■ Exercise details
Transcribe only the part of the material below that begins at the line containing "广东台山隆文,云漫风车山。 南都拍客 陆幸生 摄" and ends at the line containing "Diese von Art", with both kept and images left out.

═════ Material to process ═════

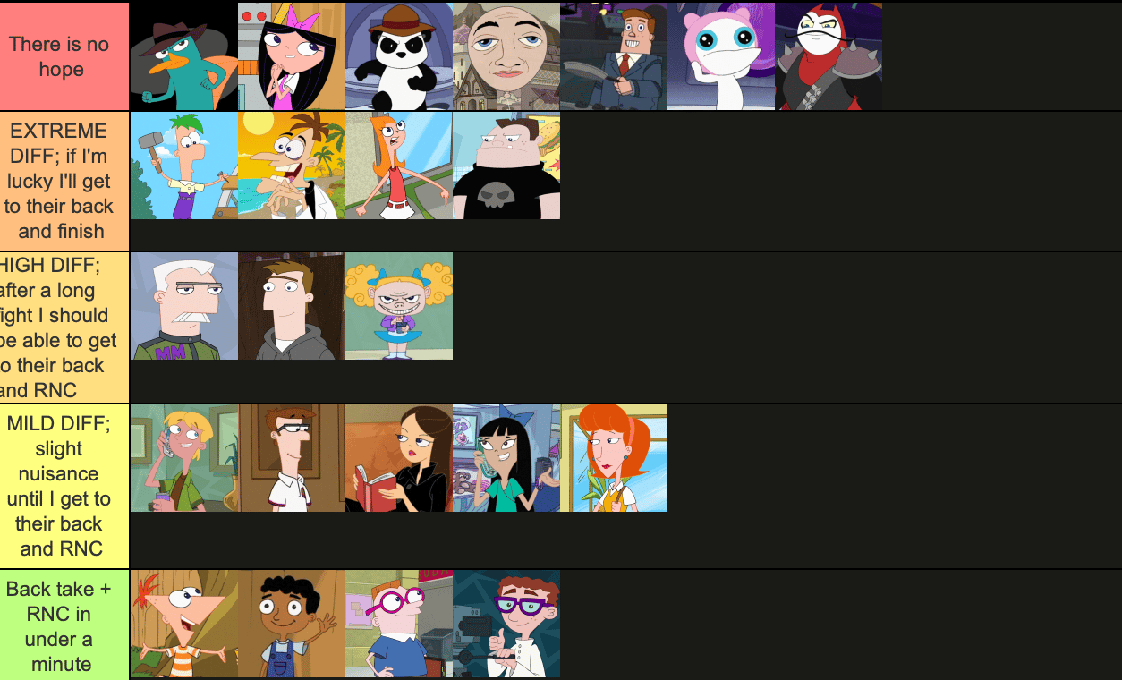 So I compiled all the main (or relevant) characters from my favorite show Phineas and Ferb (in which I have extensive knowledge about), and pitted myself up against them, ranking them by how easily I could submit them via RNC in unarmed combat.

═════
═════ Material to process ═════

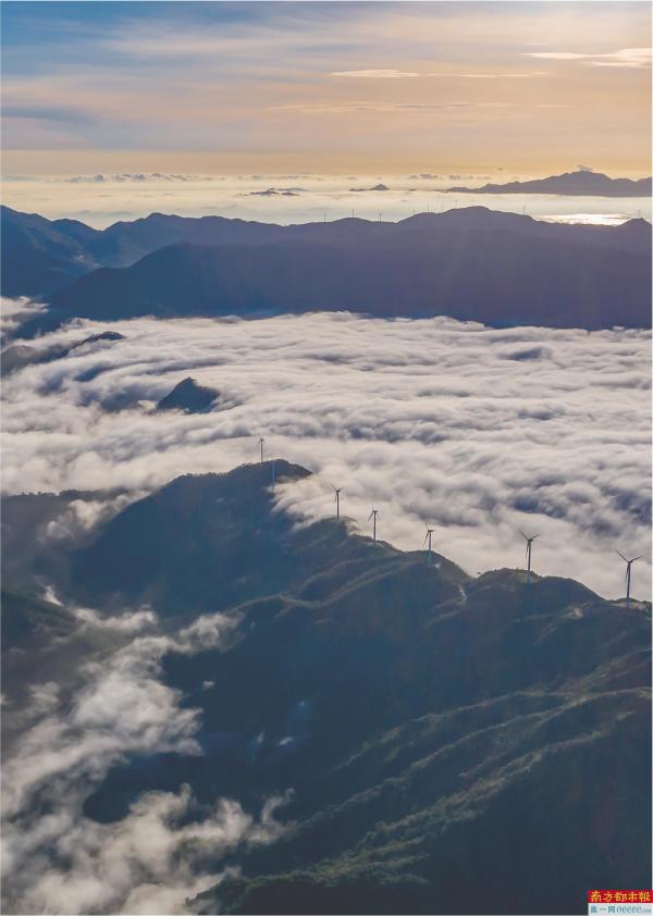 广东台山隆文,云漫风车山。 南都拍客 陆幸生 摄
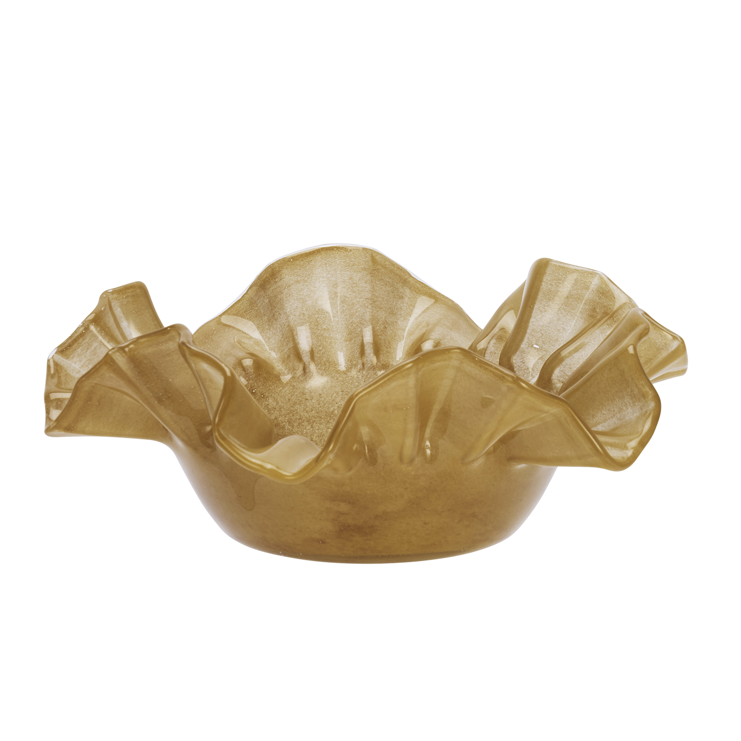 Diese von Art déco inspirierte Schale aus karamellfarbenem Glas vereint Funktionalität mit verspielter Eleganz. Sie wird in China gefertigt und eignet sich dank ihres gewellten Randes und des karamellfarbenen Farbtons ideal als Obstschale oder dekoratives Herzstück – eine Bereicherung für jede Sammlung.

═════

■ Solution
 广东台山隆文,云漫风车山。 南都拍客 陆幸生 摄
 Diese von Art déco inspirierte Schale aus karamellfarbenem Glas vereint Funktionalität mit verspielter Eleganz. Sie wird in China gefertigt und eignet sich dank ihres gewellten Randes und des karamellfarbenen Farbtons ideal als Obstschale oder dekoratives Herzstück – eine Bereicherung für jede Sammlung.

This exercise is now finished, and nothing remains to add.